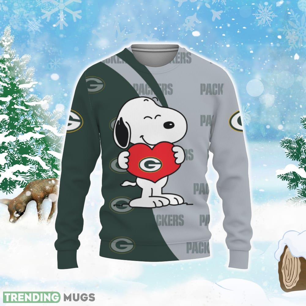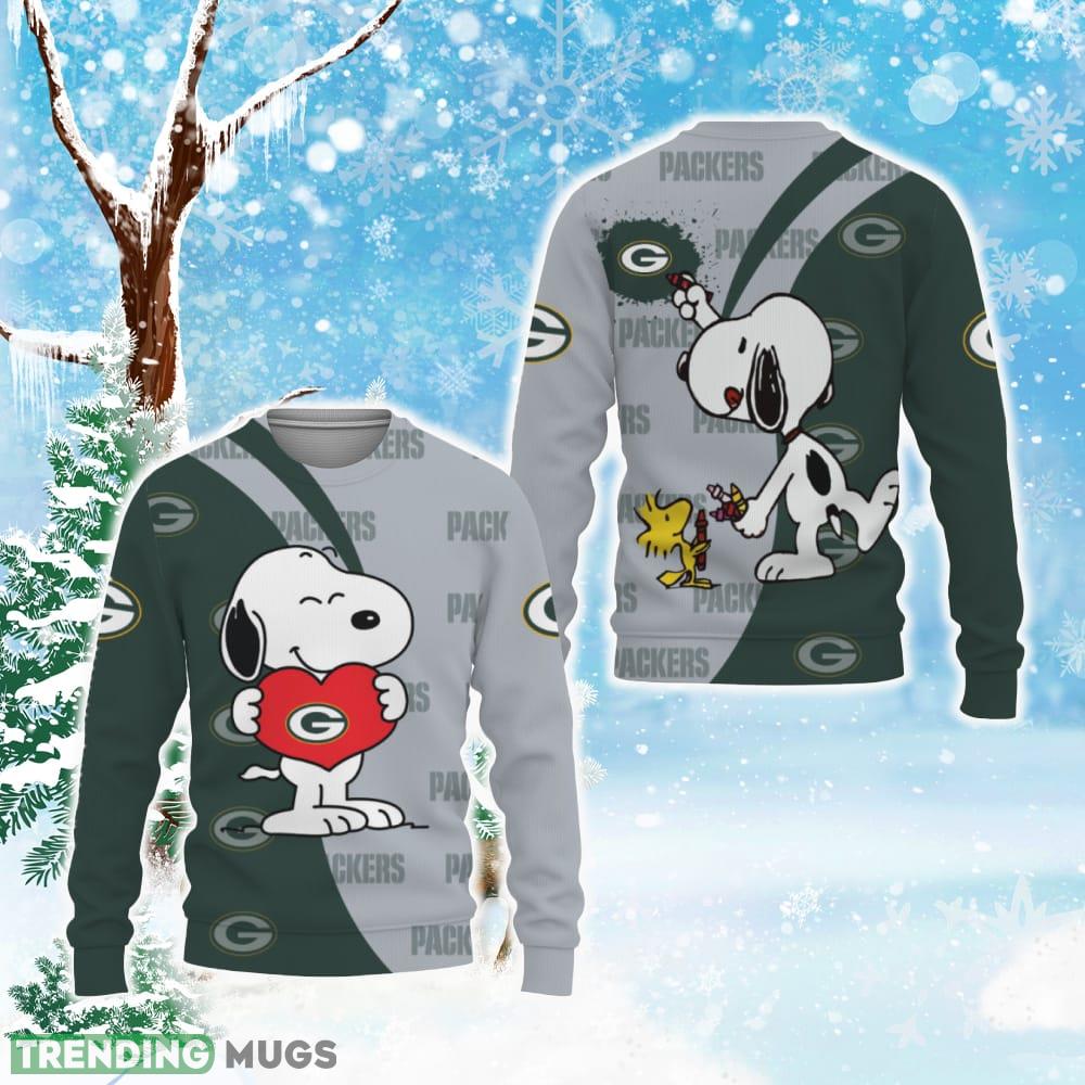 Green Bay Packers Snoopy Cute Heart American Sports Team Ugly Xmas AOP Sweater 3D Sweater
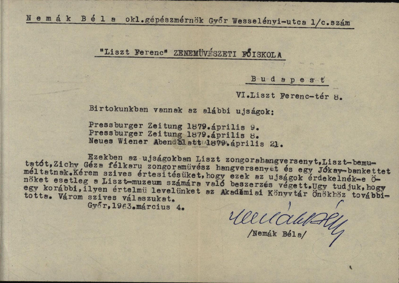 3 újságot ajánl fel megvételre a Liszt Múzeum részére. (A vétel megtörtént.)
---
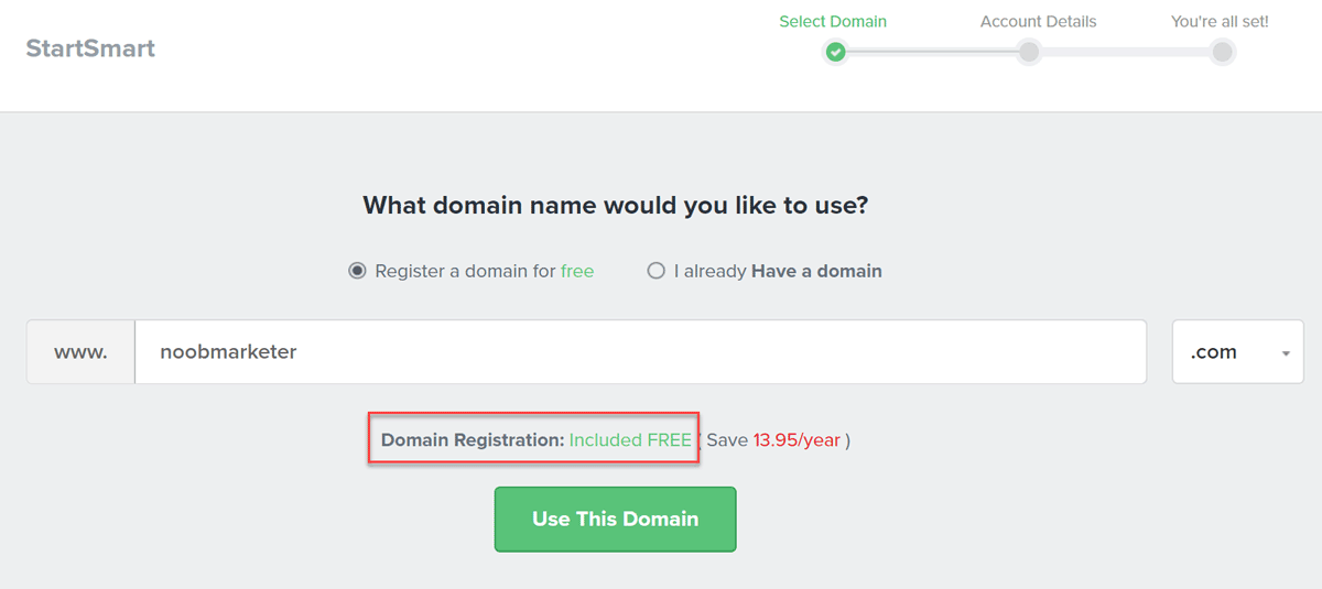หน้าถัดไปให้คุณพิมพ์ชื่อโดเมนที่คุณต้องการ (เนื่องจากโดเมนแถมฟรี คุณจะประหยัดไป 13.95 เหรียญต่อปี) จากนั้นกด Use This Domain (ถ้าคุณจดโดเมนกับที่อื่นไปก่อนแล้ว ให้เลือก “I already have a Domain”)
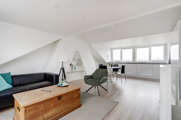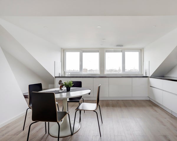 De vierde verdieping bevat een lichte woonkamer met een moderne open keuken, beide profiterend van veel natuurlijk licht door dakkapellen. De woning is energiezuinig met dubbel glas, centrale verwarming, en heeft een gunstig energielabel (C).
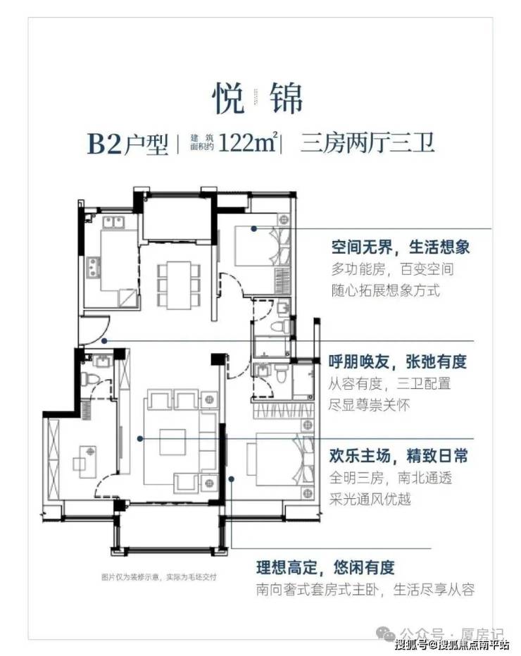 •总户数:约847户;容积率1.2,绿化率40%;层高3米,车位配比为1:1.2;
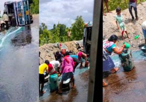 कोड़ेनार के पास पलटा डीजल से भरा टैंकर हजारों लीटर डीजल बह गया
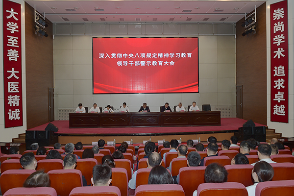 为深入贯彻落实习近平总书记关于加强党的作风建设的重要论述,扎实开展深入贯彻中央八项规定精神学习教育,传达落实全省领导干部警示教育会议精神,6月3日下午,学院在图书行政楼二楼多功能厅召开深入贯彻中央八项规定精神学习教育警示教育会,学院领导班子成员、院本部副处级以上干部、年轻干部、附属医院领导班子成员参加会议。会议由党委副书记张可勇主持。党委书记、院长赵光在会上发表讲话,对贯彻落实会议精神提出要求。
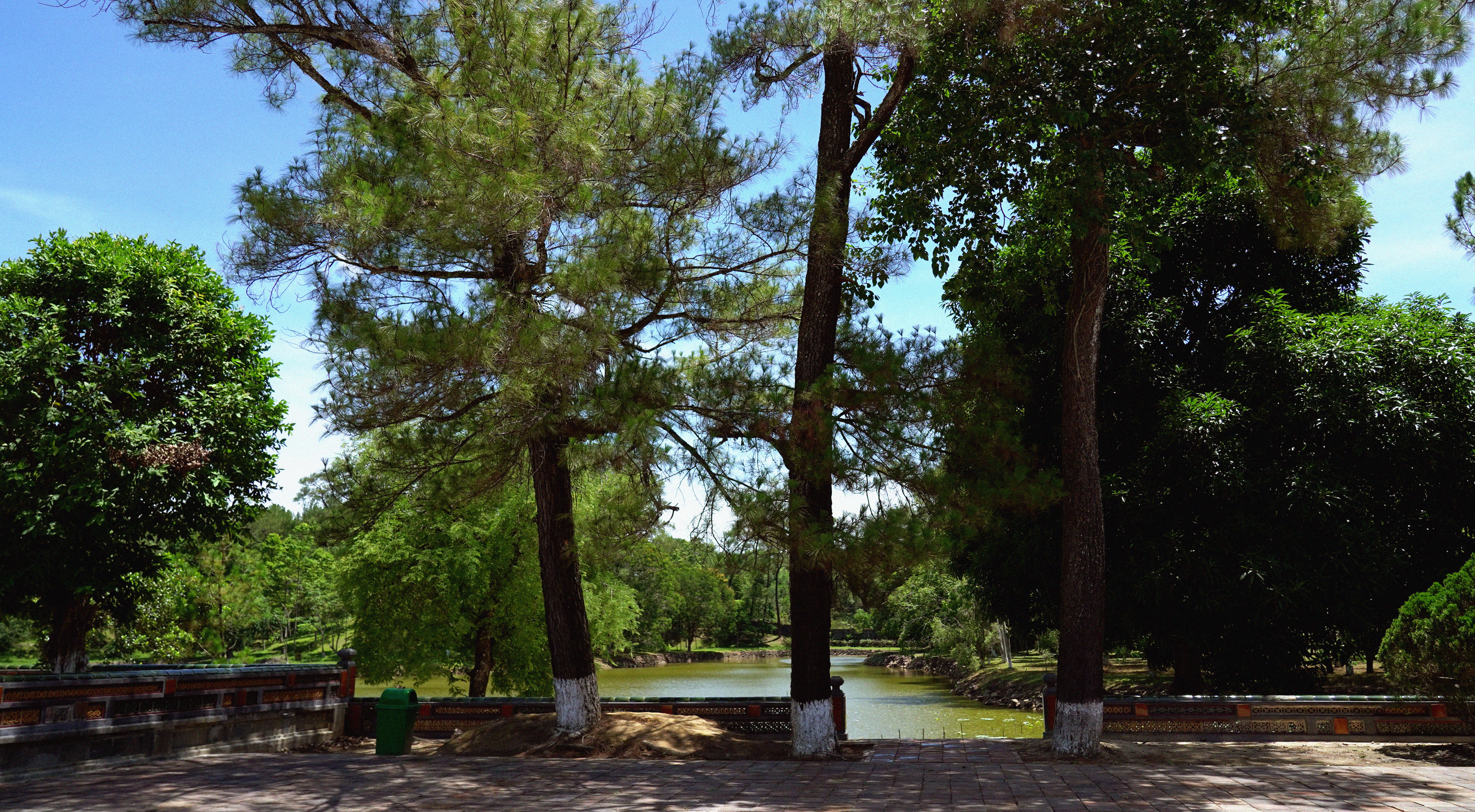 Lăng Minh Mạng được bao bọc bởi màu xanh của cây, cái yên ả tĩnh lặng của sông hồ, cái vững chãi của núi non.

▶ [About this task] Reproduce the data above exactly, but only from the line containing "Green Bay Packers" through the line containing "3 újságot ajánl". Omit all pictures.

▶ [Exercise solution]
 Green Bay Packers Snoopy Cute Heart American Sports Team Ugly Xmas AOP Sweater 3D Sweater
 3 újságot ajánl fel megvételre a Liszt Múzeum részére. (A vétel megtörtént.)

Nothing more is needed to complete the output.